Who dares wins? China’s small banks beat ICBC, and state giants, turning brave bets into bonanzas
- Bank of Chengdu and Bank of Jiangsu have risen at least 29 per cent this year, placing them among the top 10 performers on the CSI 300 Index
- Regional lenders have less exposure to the property market and are thriving by serving industrially dynamic cities and provinces, analysts say

Yet, some lenders are getting it right in the unfolding crisis, according to stock analysts. Bank of Chengdu, Bank of Jiangsu and Bank of Hangzhou grew their first-half earnings by more than 30 per cent, even as a fifth of their 40-odd listed peers reported shrinking profits.
Contrarian money managers who picked the trio over the nation’s big four banking giants have been richly rewarded. Shares of Bank of Chengdu and Bank of Jiangsu have risen at least 29 per cent this year, and were among the top performing CSI 300 Index members.

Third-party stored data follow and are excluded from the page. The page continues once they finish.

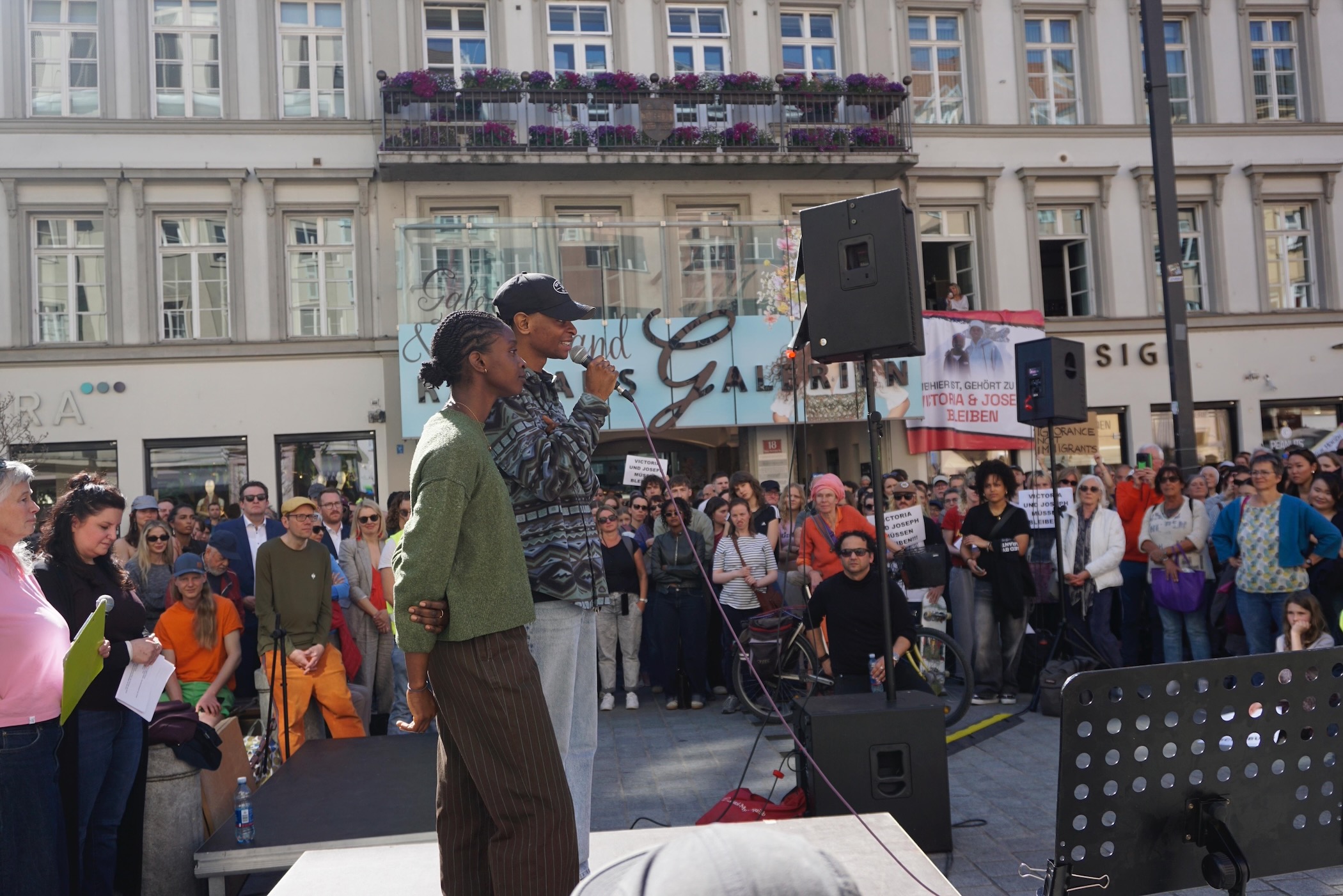 Mit LHStv. Philip Wohlgemuth, LR Eva Pawlata und LR René Zumtobel gehörte auch der rote Teil der Tiroler Landesregierung zur Gänze zu den Teilnehmenden der Kundgebung. Die Stimme für Joseph und Victoria Oshakuade erhoben an diesem Tag andere.
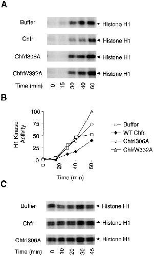 Figure 5. Chfr delays the activation of the Cdc2 kinase at the G2-M transition. (A and B) Xenopus interphase extracts were incubated with a buffer, Chfr, ChfrI306A, or ChfrW332A. Δ90 cyclin B was then added and the kinetics of the activation of the Cdc2 kinase was analyzed by measuring the phosphorylation of histone H1 with radioactive γ-ATP. The Cdc2 kinase activity was quantitated and plotted against time (B). The unit for kinase activity is arbitrary. In five separate experiments, the wild-type Chfr protein always delayed the activation of Cdc2 kinase. The levels of the Cdc2 activity at 60 min, from extracts treated with ChfrI306A and ChfrW332A, were slightly variable; in some experiments, these levels were close to, instead of higher than, that of the buffer control. (C) Xenopus mitotic extracts were incubated with a buffer, Chfr, or ChfrI306A, and the level of the Cdc2 kinase activity was analyzed using histone H1 as a substrate.
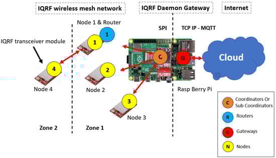 The past few years have seen a widespread diffusion of novel LPWAN technologies. Some LPWAN products, such as LoRa, Sigfox, On-Ramp Wireless, Weightless, and many others [,], have been gaining momentum and commercial interest as enabling technologies for the IoT. Alternatively, some other emerging technologies of LPWAN are gaining maturity and waiting to be investigated. Intelligent connectivity using radio frequency (IQRF) is one of these technologies [,]. IQRF is a recently developed IoT platform for wireless connectivity operating in sub-GHz ISM bands. It provides a full mesh network, terminating into gateways which in turn upload data to the cloud through LTE, GSM, or Wi-Fi protocols. This technology could be considered not only as a low-power metropolitan area network (LPMAN), but also as a LPWAN, since it offers cost-effective solutions for medium/long range IoT applications that extend from a few to tens of kilometers [,,].
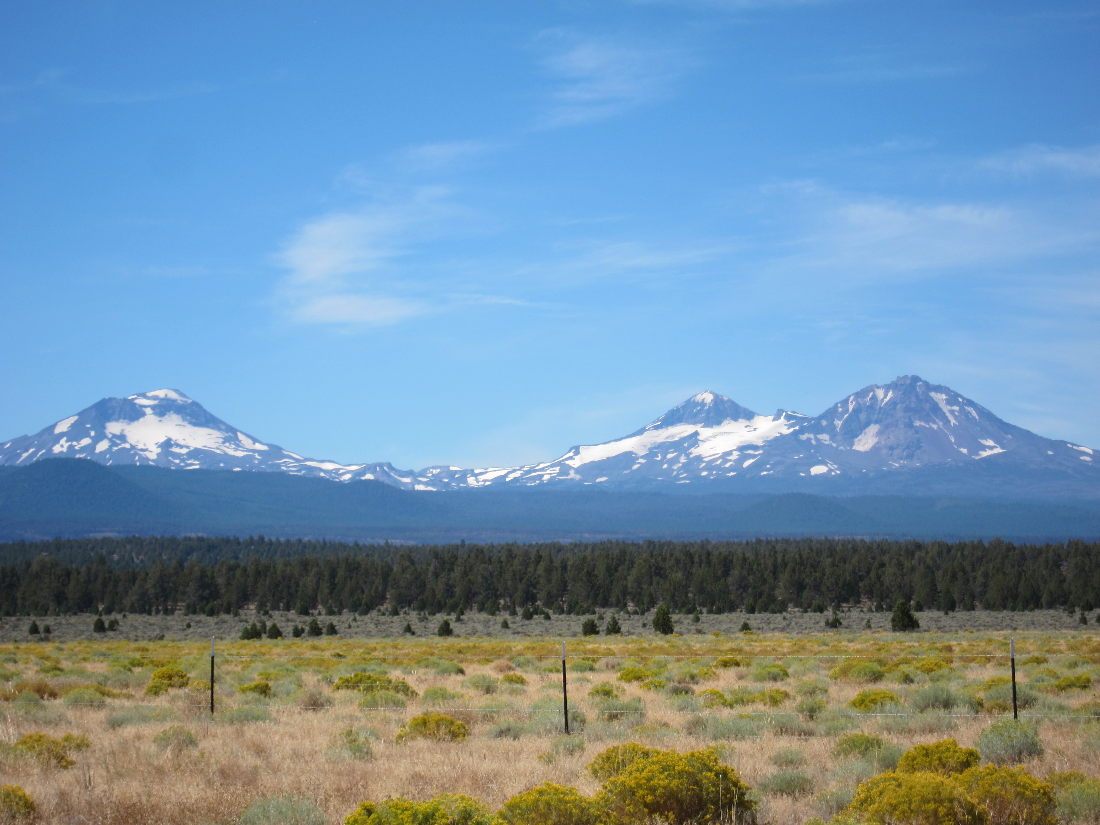I left Sisters towards Bend and stopped to appreciate the view of the Three Sisters mountains from this other angle, where you can see the three of them. I have three sisters and I see it that they are taking care of me when I go by this region.
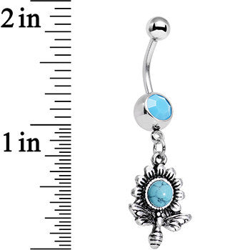 Faux Turquoise Buzzing Bee Favorite Flower Dangle Belly Ring
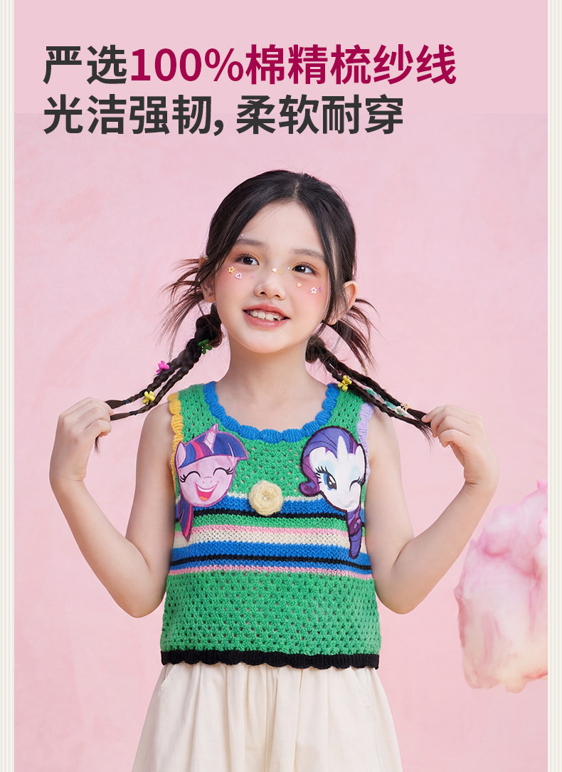 小马宝莉联名年衣童装背心2026年夏季新款女童卡通风针织吊带上衣
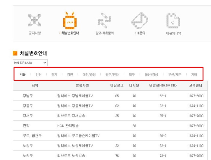 사진과 같이 각 지역별로 아날로그 디지털 단방향hd 별 채널번호를 확인할 수 있습니다.
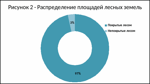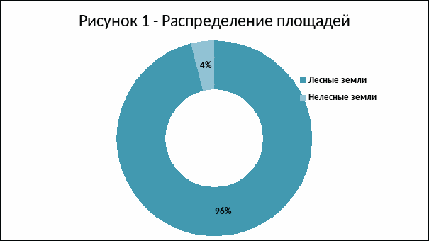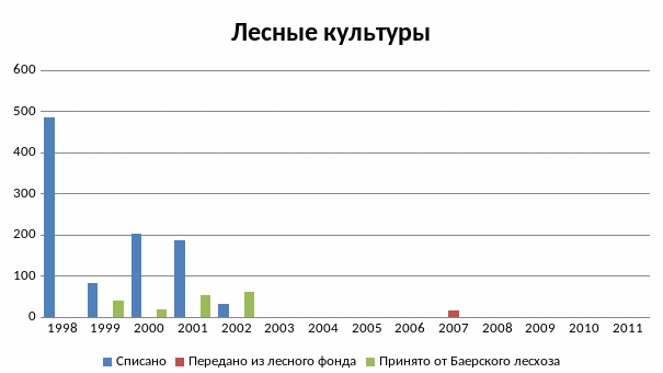 Вычисленная по материалам лесоустройства площадь лесхоза увеличилась и составляет 354933 га. За ревизионный период увеличилась площадь не покрытых лесом земель на 60,5% за счет пожаров и вырубок. Площадь лесных культур переведенных в покрытые лесом земли увеличилась в 141%, при одновременном сокращении несомкнувшихся лесных культур на 72,7%.
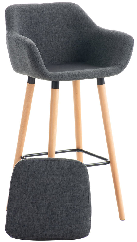 La fermeture intégrée dans le revêtement du coussin permet de l'enlever aisément pour le lavage en cas de besoin. La chaise de bar repose sur 4 pieds en bois, soutenus par une structure en métal pour plus de stabilité et qui sert également de repose-pied.
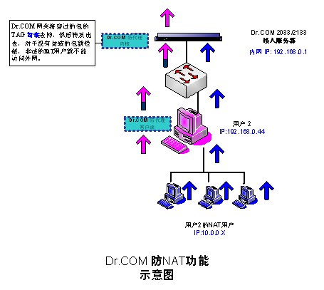 共享合法用戶的身份的NAT用戶,由于他們發(fā)出的數(shù)據(jù)包是沒有經(jīng)過封裝的,雖然經(jīng)過合法用戶的電腦實(shí)現(xiàn)了地址轉(zhuǎn)換,但Dr.COM的防代理客戶端不會對這些NAT用戶的數(shù)據(jù)包進(jìn)行封裝,所以這些數(shù)據(jù)包就在網(wǎng)關(guān)被過濾掉,代理用戶就不能正常上網(wǎng)。
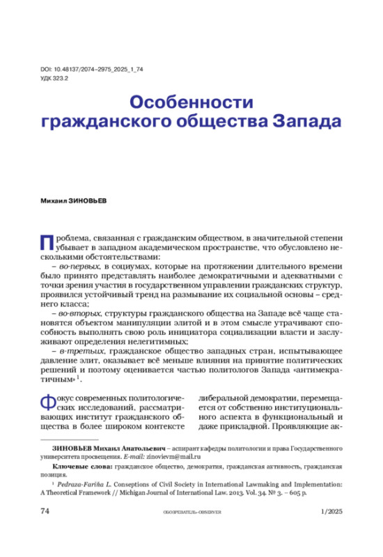 В статье представлен авторский взгляд на особенности гражданского общества в западном цивилизационном пространстве. Универсальные характеристики, содержащиеся в теории политологии, не в полной мере описывают этот феномен. Автор попытался восполнить пробел в конкретном контексте определения западного гражданского общества.
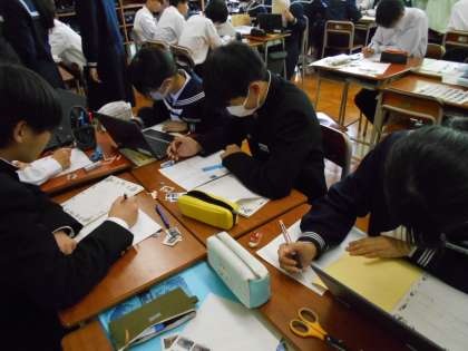 先週行ってきた宿泊学習について、まとめレポートを書いています。生徒たちは思い出を話しながらレポートを作成していました。完成が楽しみです。
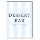 Denna bröllopsdekoration har en ren, minimalistisk design med vertikala ränder i mjuka nyanser av blått som skapar en lugn och inbjudande atmosfär. Den feta serif-stilen för "DESSERTBAR" kompletteras av ett vänligt sans-serif-meddelande nedan som uppmanar gästerna att unna sig själva. Den enkla layouten betonar klarhet och elegans, vilket gör den perfekt för att guida gäster till de söta godsakerna på ditt evenemang. Dess moderna stil och lugnande färgpalett lägger till en touch av sofistikation samtidigt som den behåller en avslappnad atmosfär som är idealisk för alla dessertstationer.
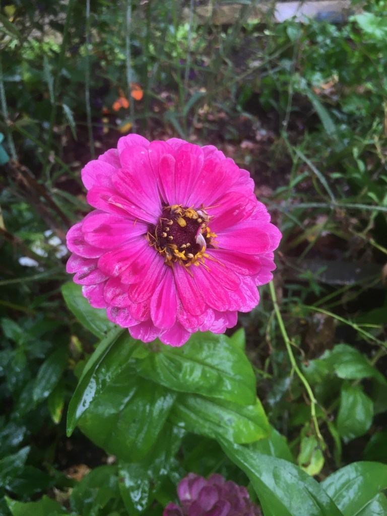 Zinnias are just surviving the regular downpours of rain. It hasn’t been the best weather for them but the occasional flower braves the showers.
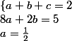 \\8a+2b=5\rm~~(2)<br />[TEX]\{a+b+c=1\rm~~(1)\\8a+2b=5\rm~~(2)\\30a=15\rm~~(3)<-2\times(3)+3\times(2))
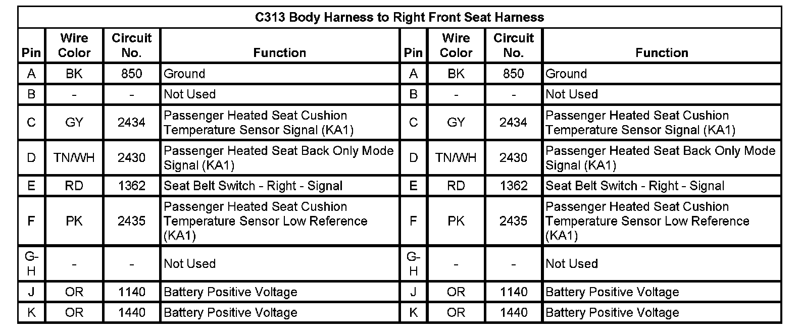 C313 Body Harness To Right Front Seat Harness (Pin A To K):
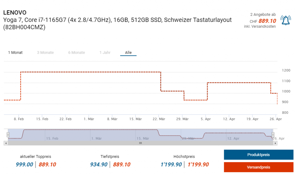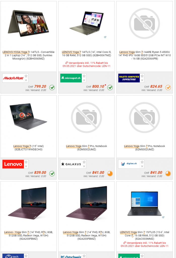 Bei Mediamarkt und microspot gibts derzeit das hochwertige Convertible Lenovo Yoga 7 im 14-Zoll-Format zu Aktionspreisen von jeweils CHF 799.20 resp. CHF 889.10. Laut toppreise soll der Vergleichspreis bei CHF 1099.90 liegen. Der Vergeichspreis für die 8GB-RAM-Variante wäre dabei das Angebot der 16GB-RAM-Variante, da besser + am günstigsten (auch 8GB-Modelle).
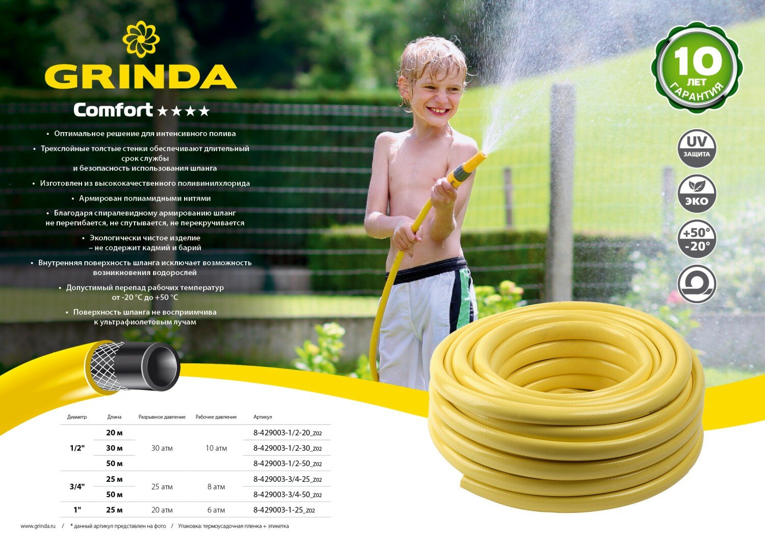 GRINDA COMFORT 3/4″ 25 м, 25 атм, трёхслойный, армированный, Поливочный шланг (8-429003-3/4-25)
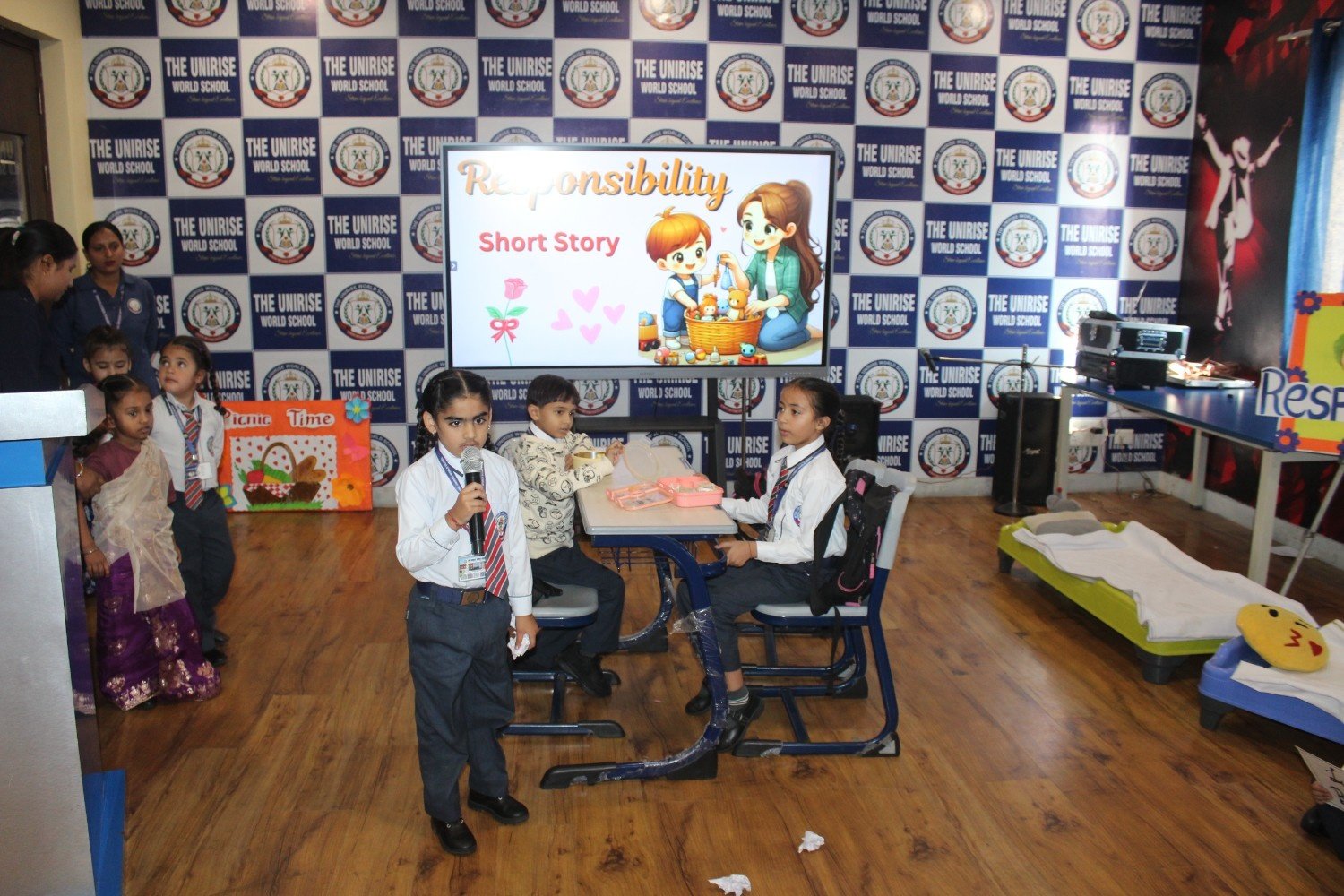 Our Kindergarten students participated in a special informative session today focused on their moral responsibilities. We discussed topics like being kind to friends, respecting elders, and the importance of honesty.
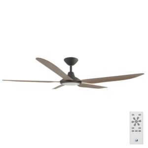 Calibo Storm DC Ceiling Fan with LED Light – 56″ (Black with Koa Blades)
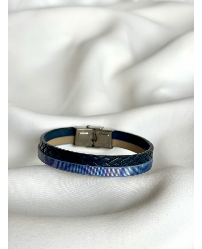 This stylish bracelet in elegant navy blue tones combines classic style with modern design. It consists of two strands – one is braided with faux leather, the other has a subtle, metallic sheen, giving the piece a unique character.
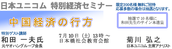 いまだに中国に太いパイプを持ち、中国市場の酸いも甘いも知りつくした彼に、中国経済の行方をご講演頂きます。
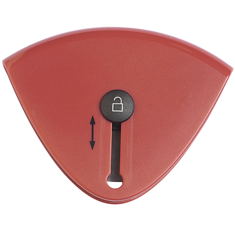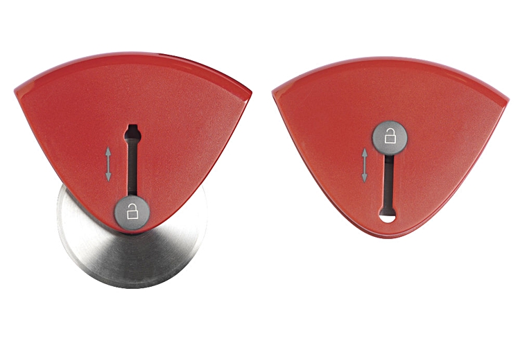 Na obudowie znajduje się specjalny przycisk, którego przesunięcie w górę lub w dół, wysuwa albo chowa ostrze blokując je w wybranej pozycji. To z kolei sprawia, że nóż schowany w szufladzie na pewno nie skaleczy przypadkowo.
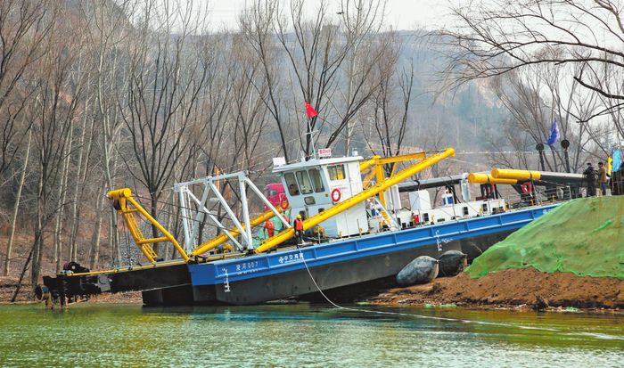 1月19日下午,三门峡市湖滨区高庙乡小安村的黄河护岸工程处,一艘45米长的拼装式绞吸挖泥船缓缓驶入黄河,开始执行三门峡库区清淤试验任务。
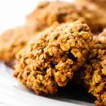Based on my Oil-Free Crispy Oatmeal Raisin Cookies, these cookies also get their crispy oatmeal edges from maple syrup instead of oil. Agave would work as well or even date or coconut syrup, but maple syrup tends to crystallize the best and the flavor mixes perfectly with all that spice.
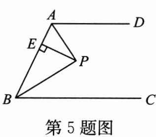 5. 如图,$AD // BC$,$\angle ABC$ 的平分线 $BP$ 与$\angle BAD$ 的平分线 $AP$ 相交于点 $P$,作 $PE \perp AB$,垂足为 $E$。若 $PE = 3$,则两平行线 $AD$ 与 $BC$ 间的距离为(
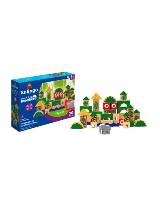 O Brincando de Engenheiro Selva é uma temática inspirada na selva, tornando a experiência de montar ainda mais envolvente e divertida. O conjunto é composto por 70 peças em madeira reflorestada, com ilustrações coloridas que estimulam o interesse e a imaginação das crianças.
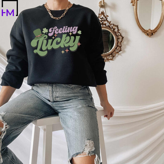 Feeling Lucky, Funny Retro St. Patty's Day Shirt, Lucky Clover Shirt, Shamrock Clover Shirt, Funny St. Patrick's Day Shirt
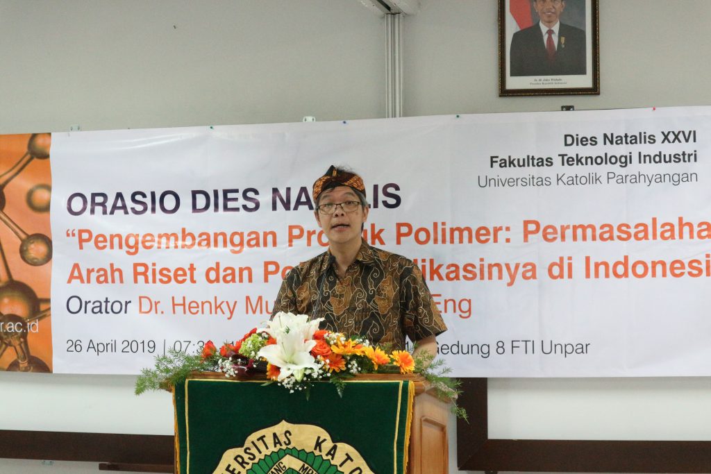 Pada acara Dies Natalis Fakultas Teknologi Industri ke-26, Dr. Henky Muljana, S.T., M.Eng. menyampaikan orasi ilmiahnya yang berjudul “Pengembangan Produk Polimer: Permasalahan, Arah Riset dan Potensi Aplikasinya di Indonesia”.

Others such as Bank of Nanjing and Bank of Hangzhou have risen more than 10 per cent, while the index has slumped 17 per cent.
“Small banks, typically those in the [more prosperous] Jiangsu and Zhejiang provinces, are doing pretty well in boosting asset quality and controlling risks,” said Zheng Qingming, an analyst at Shenwan Hongyuan Group in Shanghai. “They will continue to take the lead against the backdrop of diversification of regional economies.”